Was just doing some tidying up on my webserver and I came across an old demo I created quite a while ago, but never demoed publicly (as far as I can remember): a real-time pitch monophonic pitch detector, written in Flash. It looks like this (click to run it!):
The pitch detector listens to the microphone input, displays the waveform, and shows the detected pitch as a red dot on a keyboard. It updates continuously, so as you sing, whistle, or play an instrument, you can see the red do move around.
I’m not planning on releasing the source code to this. I earn a living writing audio code other people, so if I give away all my secrets, I’d be putting myself out of business 🙂 [Update: I’ve released non-optimized C++ source code for a monophonic pitch detection algorithm. Consider it a public service].
But I can say a bit about how it works. Basically there are two main approaches to pitch detection: time-domain approaches, which typically use an autocorrelation; and spectral approaches, which typically use Fourier transforms and some simple pattern matching. This demo uses a time-domain approach.
Time-domain approaches are only useful for monophonic cases: that is, where there’s at most one pitched source at any given instant. The idea behind autocorrelation is basically to see how well a signal lines up with a delayed version of itself for varying amounts of delay (or “lag”). The very best alignment is for zero lag, but that’s not very interesting. What is interesting is that you also get very good alignment (auto-correlation) at a lag that corresponds to the period of the waveform; the reciprocal of that is the fundamental frequency (i.e. the pitch or f0 ‘F naught’) of the sound.
That’s basically it, but as always with anything audio, there are loads of subtleties and tricks. First off, the autocorrelation will be very strong not just for a lag of one period, but also two periods, three periods, etc. What that means is that a middle C (C4) can easily be ‘mis-heard’ as a note an one octave below (C3, whose period is 1/2 that of C4) or an octave-and-a-fifth below (F2, period 1/3 that of C4). Depending on the signal and what sort of normalization you use, the auto-correlation peaks for multiples of the real period may be stronger than the peak at a lag of one period.

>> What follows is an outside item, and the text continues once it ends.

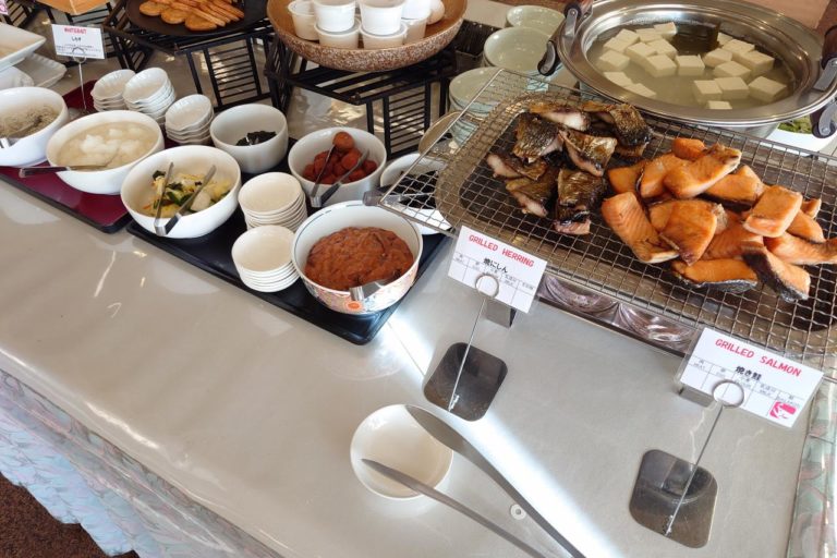 反対側に回って、焼き鮭と焼にしん。サバじゃなくて北海道らしい魚が提供されているのに好感を受けます。その横には塩辛やしらすなど、ご飯のお供になりそうなものが並んでいます。

Next, there’s a problem of resolution: for high pitches, the period is really not very long. For the highest note on a piano (C8, ~4186Hz), the period is less than a dozen samples (if the sample rate is 44.1 kHz) To get a musically accurate measurement of the pitch, you need to upsample (say, to 88.2 kHz), interpolate the peaks of the autocorrelation, or both.
There’s also a matter of CPU load. Brute force auto-correlation is pretty expensive computationally. Fortunately autocorrelation can be performed more efficiently using Fourier transforms, as the autocorrelation of a signal is equal to the inverse Fourier transform of the product of the signal’s Fourier transform and its complex conjugate: AC(x) = IFFT(FFT(x)FFT(x)*). There are some subtleties there – you need to zero-pad the signals, otherwise you’ll compute the circular autocorrelation, which is far less useful.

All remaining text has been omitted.